▶ **Task inputs**:
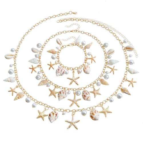 fashion mania - طقم مجوهرات صدف للنساء، اكسسوارات شاطئ صيفية بوهو مع قلادة صدف طبيعي وسلسلة خصر وسوار من 3 قطع
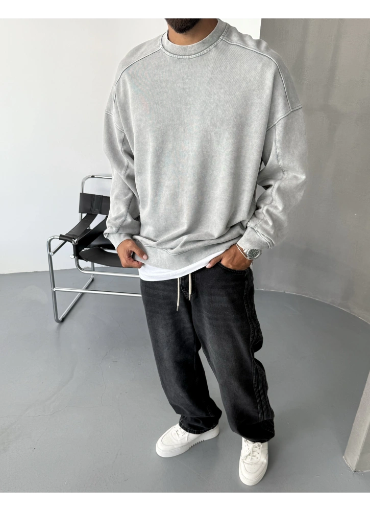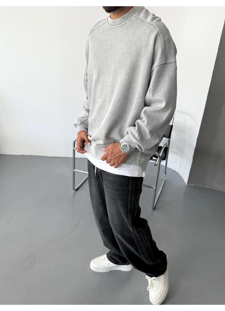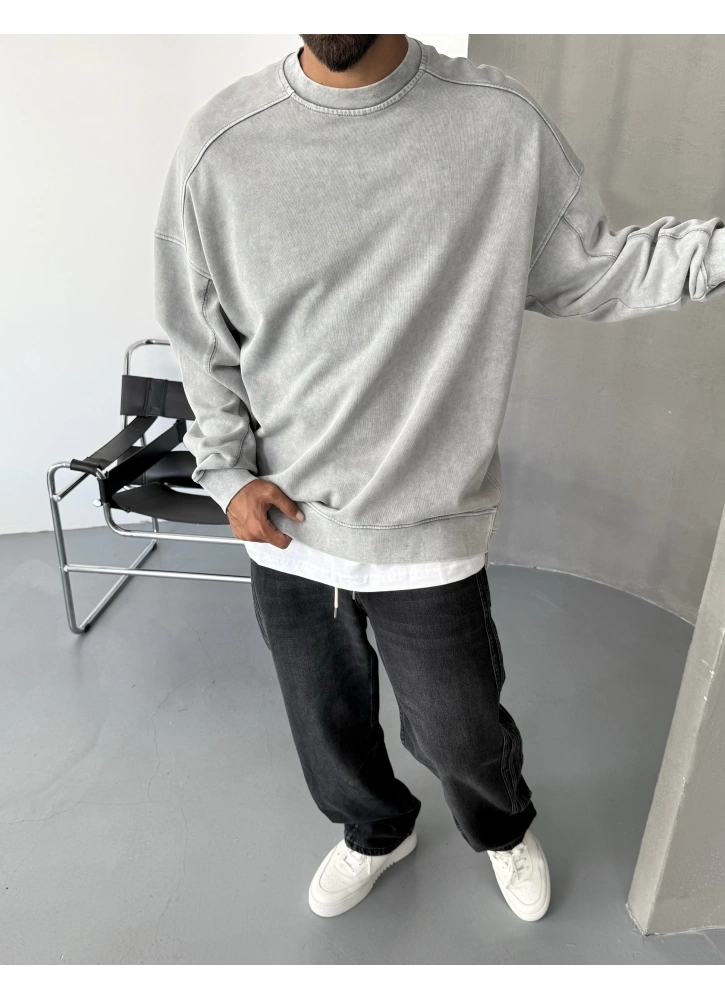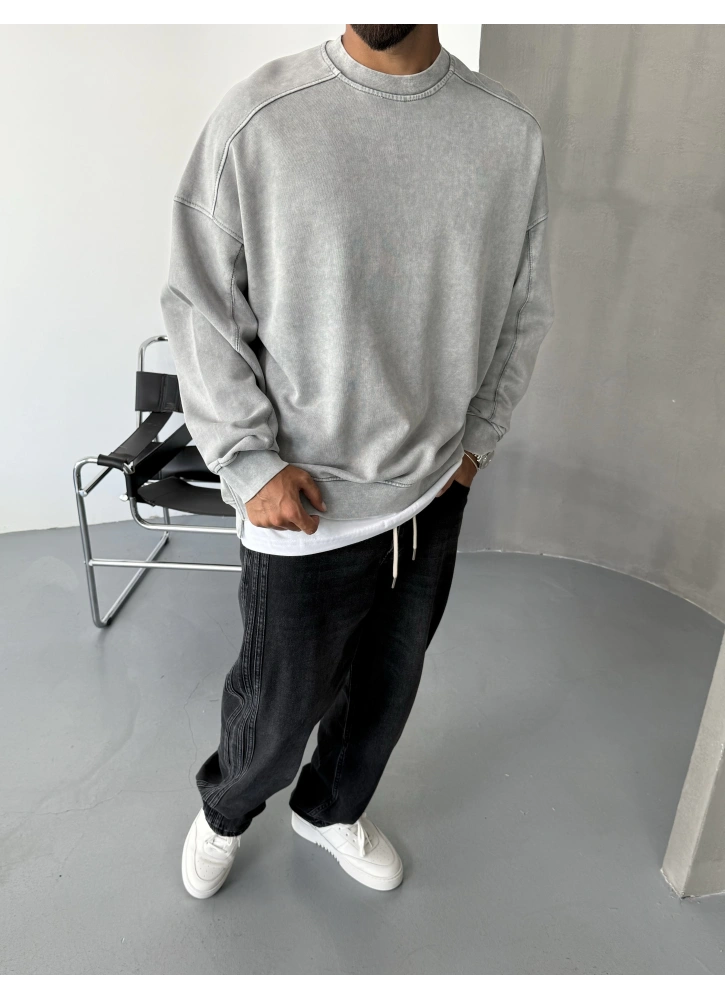 Gri Yıkamalı Premium Bisiklet Yaka Sweatshirt Hakkında
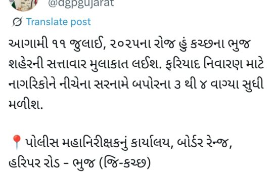 copy image DGP વિકાસ સહાય ભુજની મુલાકાતે ભુજના હરીપર પાસે આવેલ IG કચેરીમાં નાગરિકોની ફરિયાદ સાંભળશે DGP બપોરના 3 થી...
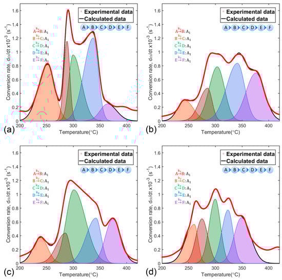 To quantify the effect of magnesium doping concentration on polymeric matrix thermal decomposition, complex solid-state reactions represented by conversion rate curves (Figure 3b) were separated into five single-stage reactions using the deconvolution function of Equation (6).
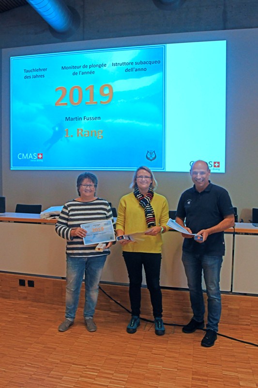 Zum Ende der Veranstaltung wurden noch die Tauchschule des Jahres («Tawas») und die Tauchlehrerinnen und Tauchlehrer des Jahres (1. Platz Martin Fussen, 2. Platz Christine Theilkäs, 3. Platz Mani Oehler) erkoren.
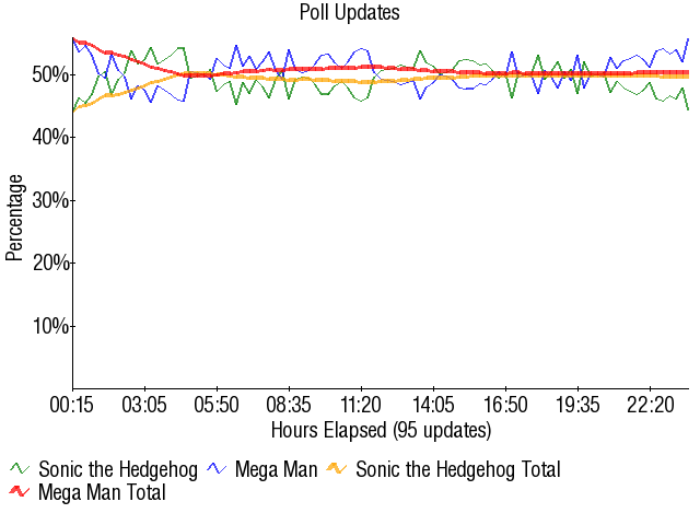 When the match finally began, it almost didn't live up to all the hype. Mega Man jumped out to an extremely fast early lead of a few hundred votes, and by the time Sonic began to stall Mega Man he was down by almost 400 votes two hours in. But Sonic was able to recover, and after a little bit of stalling the traditional Sega morning vote kicked in and gave Sonic a push for the lead. It took Sonic a long while to erase those 400 votes as Mega Man was no slouch, but after about two and a half hours of scratching Sonic was able to tie Mega Man before taking the lead for himself. It looked as if that morning vote would allow Sonic to take off like a bullet after Sonic's lead went from 19 to 72 a mere ten minutes after taking the lead, but Mega Man was somehow able to recover during Sonic's best time in the poll. Mega Man was able to completely stall Sonic and stay deadlocked during a time in the poll in which everyone figured that Sonic was about to go on a killing spree, and much to everyone's shock Mega Man was finally able to recover and take back the lead for himself. After Sonic tried his best to stall Mega Man from doing anything, Mega Man took off and increased his lead from the teens to the hundreds within two updates.
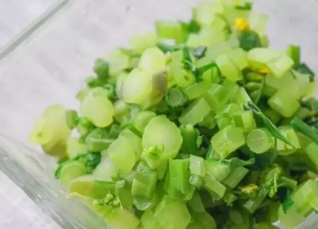 5、将焯熟的红菜苔捞起,晾温再切碎。先焯熟再切,可减少营养流失;如果是6~7个月没出牙或出牙少的宝宝,建议打成菜泥更合适;如果是8个月以上出牙多的宝宝,直接切碎吃,还可以让宝宝直接拿着整条菜苔当手指食物吃;
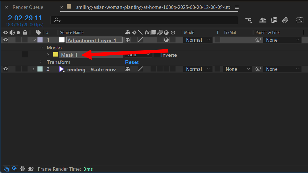 11)트래킹이 완료되면 마스크(Mask Path)에 키프레임이 추가된것을 확인할수있습니다.
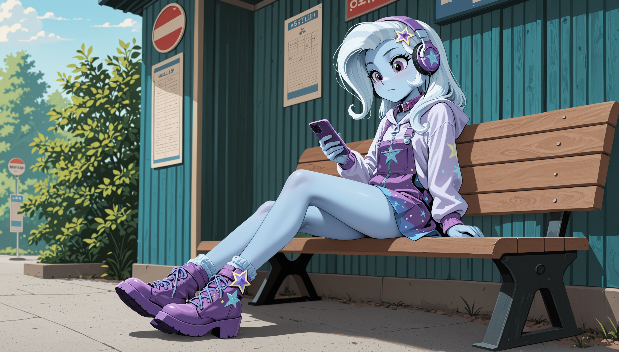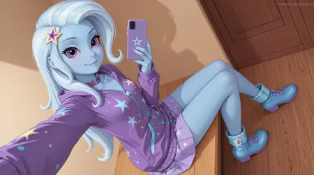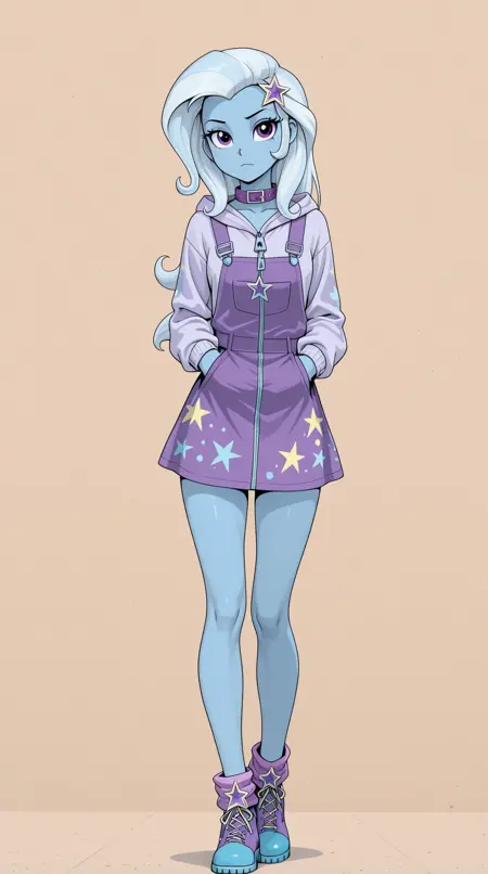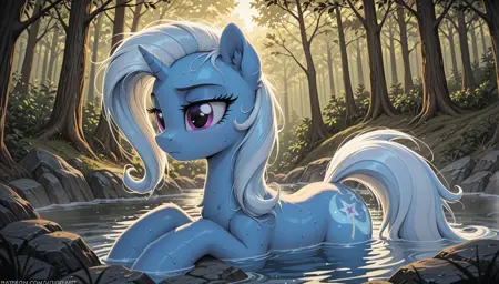 blue body, purple eyes, long wavy mane and tail silver-white with blue accents,
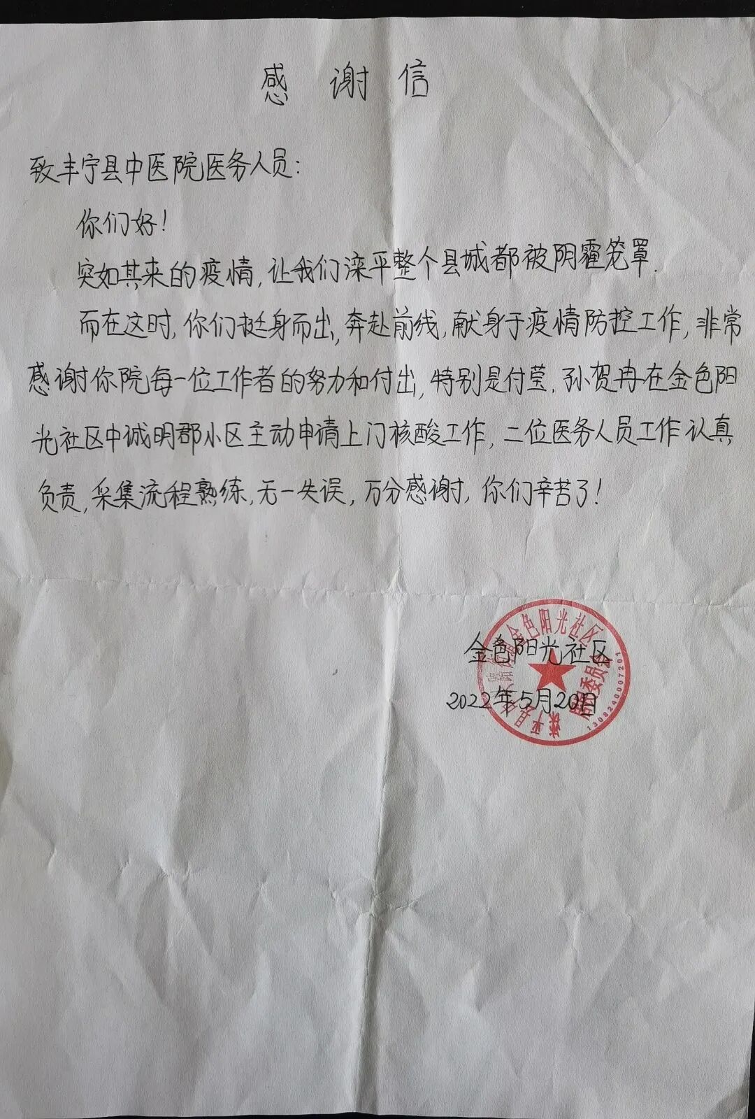 6月12日,丰宁中医院收到一封来自滦平县金色阳光社区寄来的感谢信,信中对滦平疫情期间丰宁中医院前去支援疫情防控的医护们表示感谢,特别是对主动申请进行上门核酸采样的付莹、孙贺冉两位护士的认真负责、辛苦付出表示感谢。
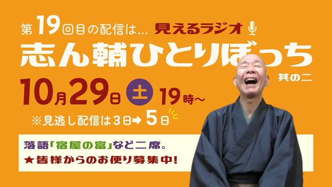毎日新聞社は10月29日(土)午後7時から、第19回オンライン落語会「志ん輔と仲間たち」をインターネットでライブ配信します。演目は「宿屋の富」他一席。今回は「志ん輔ひとりぼっち」として実施し、落語の合間に皆さんからのお便りを紹介します。どしどしお寄せください。
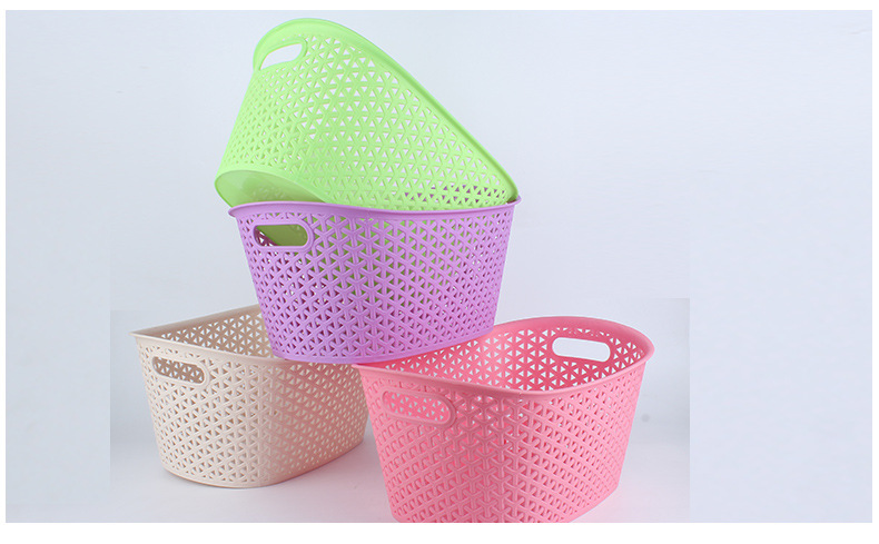 方形收纳筐,平时收纳简洁大方,长方体的设计省空间,简单大方,很符合家庭的收纳习惯,凭证的棱角个人简洁感,上面的镂空花纹又给时尚的感受。方形的设计是稳定简洁大方的体现,在生活中有棱角的东西就给人安全感,这种方形的设计,省空间,坎坷还让人赏心悦目。
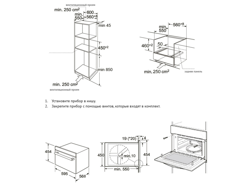 большой гриль, верхний нагрев + нижний нагрев, гриль, конвекция, малый гриль, нижний нагрев, Верхний + нижний нагрев + конвекция, Размораживание, Турбо гриль

▶ **Your goal**: Since only the text is needed, retype the data above exactly and omit the pictures.

▶ **Result of the exercise**:
 fashion mania - طقم مجوهرات صدف للنساء، اكسسوارات شاطئ صيفية بوهو مع قلادة صدف طبيعي وسلسلة خصر وسوار من 3 قطع
 Gri Yıkamalı Premium Bisiklet Yaka Sweatshirt Hakkında
 copy image DGP વિકાસ સહાય ભુજની મુલાકાતે ભુજના હરીપર પાસે આવેલ IG કચેરીમાં નાગરિકોની ફરિયાદ સાંભળશે DGP બપોરના 3 થી...
 To quantify the effect of magnesium doping concentration on polymeric matrix thermal decomposition, complex solid-state reactions represented by conversion rate curves (Figure 3b) were separated into five single-stage reactions using the deconvolution function of Equation (6).
 Zum Ende der Veranstaltung wurden noch die Tauchschule des Jahres («Tawas») und die Tauchlehrerinnen und Tauchlehrer des Jahres (1. Platz Martin Fussen, 2. Platz Christine Theilkäs, 3. Platz Mani Oehler) erkoren.
 When the match finally began, it almost didn't live up to all the hype. Mega Man jumped out to an extremely fast early lead of a few hundred votes, and by the time Sonic began to stall Mega Man he was down by almost 400 votes two hours in. But Sonic was able to recover, and after a little bit of stalling the traditional Sega morning vote kicked in and gave Sonic a push for the lead. It took Sonic a long while to erase those 400 votes as Mega Man was no slouch, but after about two and a half hours of scratching Sonic was able to tie Mega Man before taking the lead for himself. It looked as if that morning vote would allow Sonic to take off like a bullet after Sonic's lead went from 19 to 72 a mere ten minutes after taking the lead, but Mega Man was somehow able to recover during Sonic's best time in the poll. Mega Man was able to completely stall Sonic and stay deadlocked during a time in the poll in which everyone figured that Sonic was about to go on a killing spree, and much to everyone's shock Mega Man was finally able to recover and take back the lead for himself. After Sonic tried his best to stall Mega Man from doing anything, Mega Man took off and increased his lead from the teens to the hundreds within two updates.
 5、将焯熟的红菜苔捞起,晾温再切碎。先焯熟再切,可减少营养流失;如果是6~7个月没出牙或出牙少的宝宝,建议打成菜泥更合适;如果是8个月以上出牙多的宝宝,直接切碎吃,还可以让宝宝直接拿着整条菜苔当手指食物吃;
 11)트래킹이 완료되면 마스크(Mask Path)에 키프레임이 추가된것을 확인할수있습니다.
 blue body, purple eyes, long wavy mane and tail silver-white with blue accents,
 6月12日,丰宁中医院收到一封来自滦平县金色阳光社区寄来的感谢信,信中对滦平疫情期间丰宁中医院前去支援疫情防控的医护们表示感谢,特别是对主动申请进行上门核酸采样的付莹、孙贺冉两位护士的认真负责、辛苦付出表示感谢。
毎日新聞社は10月29日(土)午後7時から、第19回オンライン落語会「志ん輔と仲間たち」をインターネットでライブ配信します。演目は「宿屋の富」他一席。今回は「志ん輔ひとりぼっち」として実施し、落語の合間に皆さんからのお便りを紹介します。どしどしお寄せください。
 方形收纳筐,平时收纳简洁大方,长方体的设计省空间,简单大方,很符合家庭的收纳习惯,凭证的棱角个人简洁感,上面的镂空花纹又给时尚的感受。方形的设计是稳定简洁大方的体现,在生活中有棱角的东西就给人安全感,这种方形的设计,省空间,坎坷还让人赏心悦目。
 большой гриль, верхний нагрев + нижний нагрев, гриль, конвекция, малый гриль, нижний нагрев, Верхний + нижний нагрев + конвекция, Размораживание, Турбо гриль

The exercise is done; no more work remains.